EGE Haina’s $300m sustainability-linked bond, the only dollar new issue from Latin America last week, primarily caught the eye of investors and bankers for its unusual execution. Initial price thoughts of 5.75%, the number, were a surefire way of ensuring the issuer did not pay more than its target yield, but effectively ruled out the possibility of building price tension and landing inside that figure.
Yet the Dominican electricity generator’s deal was to some extent a reflection of one of the broader issues being debated in Glasgow last week at the United Nations Climate Change Conference (COP26).
Under the SLB, Haina had committed to significantly increase its renewable energy capacity — thus contributing to the Dominican Republic’s aim of deriving a quarter of its energy from renewable sources by 2025. However, for some EM bond buyers, the fact that a small portion of Haina’s electricity still comes from coal, for example, was a strict no-no (though a three times oversubscribed book and decent aftermarket performance suggests this was a minority).
How fast a transition is fast enough? Over at COP26, putting EM on a sustainable path was one of the topics of the week, as the world wants all countries to adopt Net Zero targets by 2050.
But major EM countries are fighting back at having targets imposed if they’re not going to get the cash they’ve been promised. The Like-Minded Developing Countries ministerial meeting, including China and India and representing over half the world’s population, has argued that the call for Net Zero by 2050 is “anti-equity and against climate justice” — particularly as developed countries are failing to deliver on the $100bn of climate funding promised to the developing world in 2009, let alone the $1tr that Indian prime minister Narendra Modi is demanding.
Anti-EM bias?
EM leaders from across the world took their chance to demand more support from the rich countries that have been overwhelmingly responsible for climate change, and Latin America leaders were quick to get in on the act.
Bolivia’s Luis Arce bemoaned that “market solutions” had failed, Ecuador’s Guillermo Lasso proposed financing a new marine reserve in the Galapagos Islands with a debt-for-nature swap (as being implemented in Belize), while Argentina’s Alberto Fernandez suggested that the country could repay some of its debt mountain with climate investments, rather than cash.

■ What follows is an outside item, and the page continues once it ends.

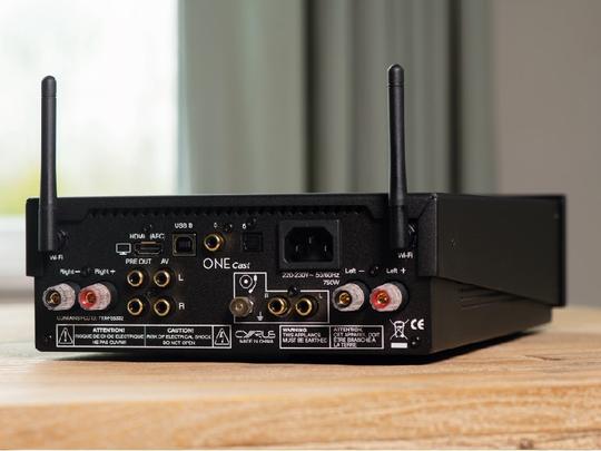 The Cyrus One Cast is a 100W per channel Class D stereo amplifier that you can stream high-quality music to from your phone using Spotify, Deezer, Amazon Music, iTunes, Qobuz, Tidal

As one LatAm syndicate banker put it, “EM issuers have all the incentives to ask for this right now as developed nation politicians cannot say no on the spot.”
Whether that translates into the climate financing that the developed world has already promised, let alone the larger amounts many emerging nations are after, is another question. But, from our chats to EM bondholders last week, you can expect them to be fierce cheerleaders for the countries whose budget deficits they finance.

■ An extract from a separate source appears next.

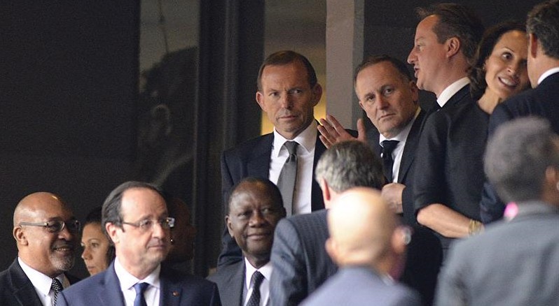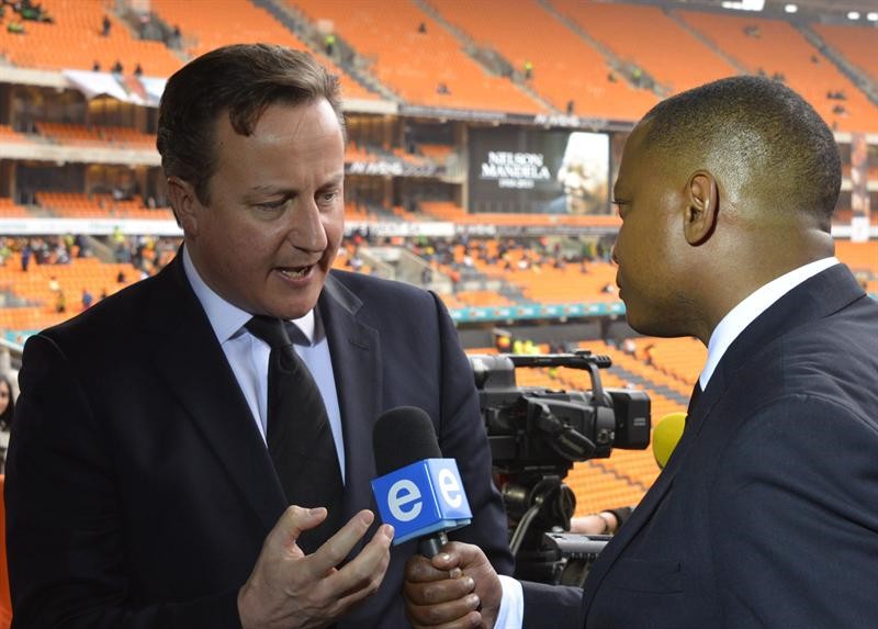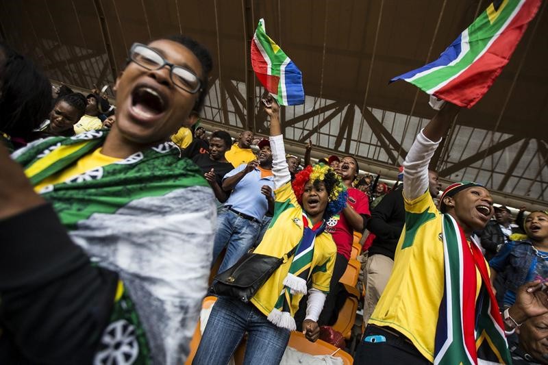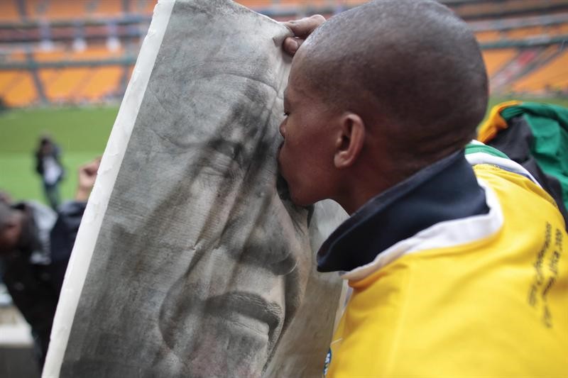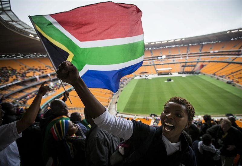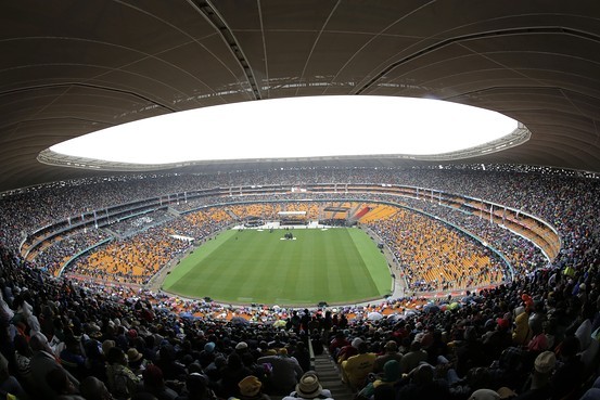 Una multitud de sudafricanos canta y baila mientras ocupa el estadio FNB de Soweto para asistir al servicio religioso oficial en memoria del expresidente Nelson Mandela en Johannesburgo.

EM sovereigns are “on the frontline” and highly vulnerable to climate change shocks, noted the head of EM debt at one European fund, but they’re also “very much hostage to the broader discussion going on between the governments of developed economies”.
What’s more, some investors argue that this feeling of EM voices being marginalised is carried over into capital markets. Blindly applying ESG criteria from rich countries onto poor nations is “very biased against emerging markets”, reckoned one fund manager.
As criteria are applied more stringently, it could eventually have implications for allocations of funds to emerging markets, because developing countries are always going to score below developed ones in ESG rankings.
“We try to convince [end investors] that it’s the trajectory, not the current score, that matters, but not all clients have time for in-depth conversations,” said another EM bond buyer.
Have a great week, and do get in touch for a free trial to access all of GlobalCapital.
Saludos, Olly
This is GlobalCapital's LatAm Letter written weekly by Latin America reporter Oliver West. If you enjoy it, sign up for free in a matter of seconds here and feel free to pass it on to colleagues and contacts.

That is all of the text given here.